U-zine : Comment peut-on soutenir ton initiative et suivre la progression du projet ?

Tout le monde peut suivre le projet sur les pages Facebook, Google+ et Twitter du film. D’ailleurs plus il y aura de monde sur ces pages, plus les distributeurs et sponsors nous aiderons à financer le documentaire. Je compte donc sur tout le monde pour aimer et partager les pages en masse. Un site web est également disponible à cette adresse : www.metal-apocalypse.com

U-zine : Un petit mot pour nos lecteurs ?

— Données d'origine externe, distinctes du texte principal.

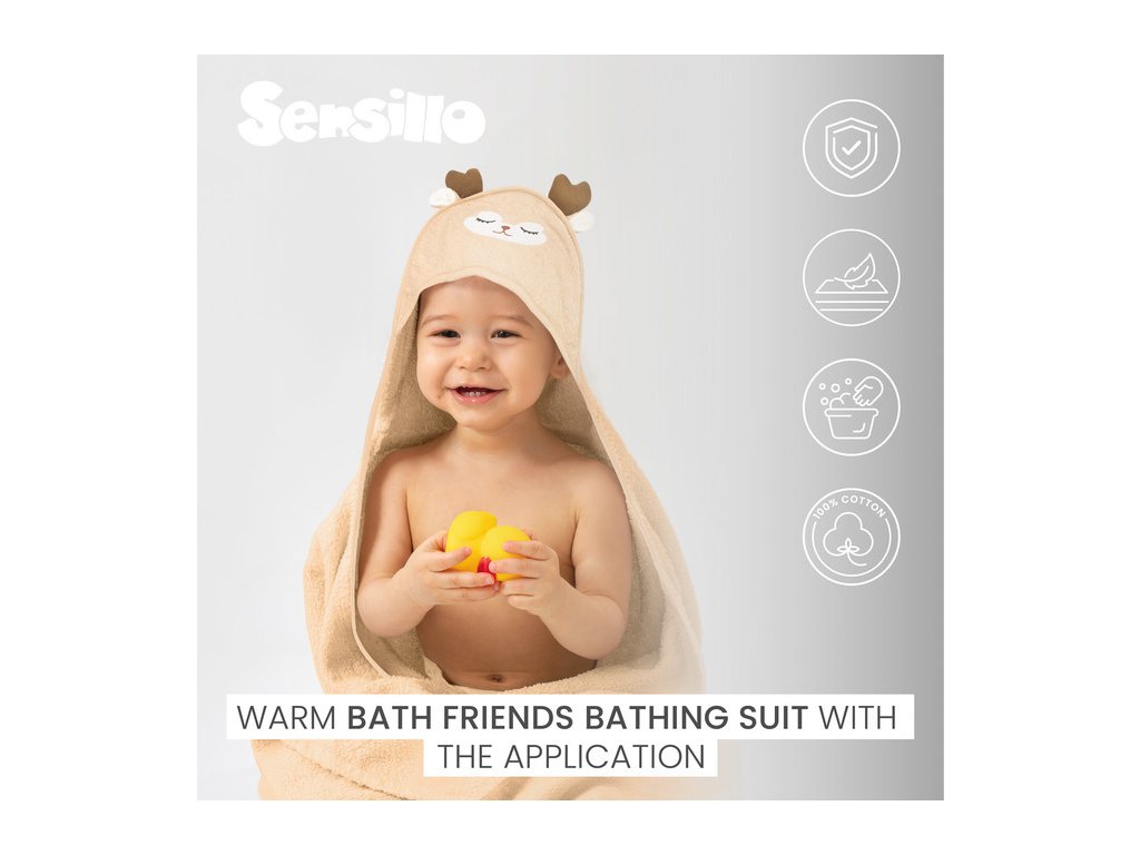 Teplo a komfort po každé koupeli. Dětská osuška Bath Friends je jedinečný produkt, který poskytuje maximální pohodlí a bezpečnost během každé koupele. Díky roztomilým aplikacím ve tvaru zvířátek se stává koupání zábavnějším a příjemnějším zážitkem pro vaše nejmenší. Bezpečný a jemný materiál. Osuška Bath Friends je vyrobena z vysoce bezpečných materiálů, které jsou šetrné k citlivé dětské pokožce. Precizní zpracování a jemné švy minimalizují riziko podráždění a odřenin, což zaručuje maximální komfort pro vaše dítě. Atraktivní design. Osuška je vybavena praktickým kapucí, která chrání hlavičku dítěte před chladem a usnadňuje rychlé vysušení vlasů. Design doplněný aplikacemi ve tvaru roztomilých zvířátek upoutá pozornost dítěte a přináší radost do každodenní péče o něj. Funkčnost a pohodlí. Vysoce kvalitní froté bavlna, ze které je osuška vyrobena, je mimořádně savá, jemná na dotek a velmi příjemná k pokožce. Osuška je ideální nejen pro každodenní koupání doma, ale také ji oceníte při návštěvě pláže nebo bazénu. Produkty Bath Friends jsou ideální volbou pro rodiče, kteří hledají bezpečné, funkční a zábavné řešení pro péči o své nejmenší. Vyzkoušejte tuto osušku, která kombinuje atraktivní design, jemnost a praktičnost, a proměňte každou koupel v radostný rituál! Výrobce: IKS 2 Mucha Sp. J.,Rybnicka 9, 43-190 Mikołow. Upozornění: Nenechávejte dítě samo bez dozoru. Obal není hračka, odstraňte ho z dosahu dítěte.Doplňkové parametry
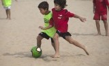 REPUBLIKA.CO.ID, RIO DE JANEIRO -- Sejumlah anak Brasil berlatih sepak bola di pantai Ipanema, Rio de Janeiro, Brasil, Rabu (7/5).
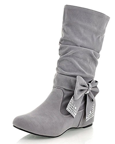 Minetom Donne Ragazze Inverno Moda Caldo Bowknot Stivali con Strass metà Stivali La Neve Stivali Grigio EU 39
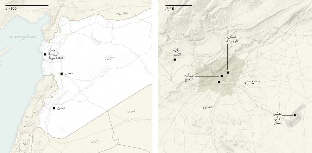 ركب الرئيس المخلوع وحاشيته طائرة نقلتهم إلى حميميم، وهي قاعدة جوية ساحلية تسيطر عليها روسيا، التي كانت داعمه الأكثر أهمية في الحرب.
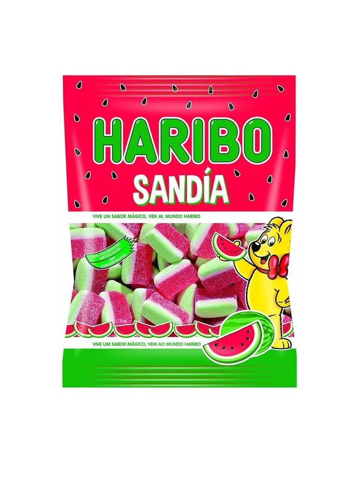 Haribo Sandia - жевательный мармелад весом 90 гр. В своём составе имеет натуральные соки. В одной упаковке 18 шт.
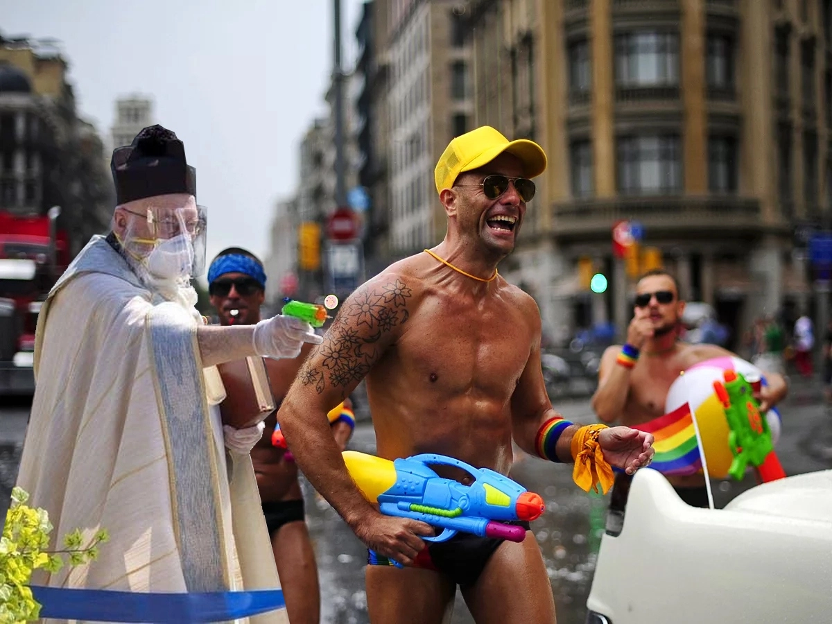 Священник с водяным пистолетом стал героем фотожаб

Je souhaiterais remercier tous ceux qui ont aimés et partagés les pages sur les réseaux sociaux et qui nous soutiennent continuellement ainsi que ceux qui le feront. J’ai besoin de vous tous pour mener à bien ce documentaire, je compte sur vous. Passez tous de très bonnes fêtes de fin d’année. Et surtout n’oubliez jamais les paroles de notre regretté Patrick Roy : Le Metal c’est vital.

Merci donc à Josh pour sa disponibilité, sa gentillesse et sa passion communicative. Je suis de tout coeur avec toi mec !!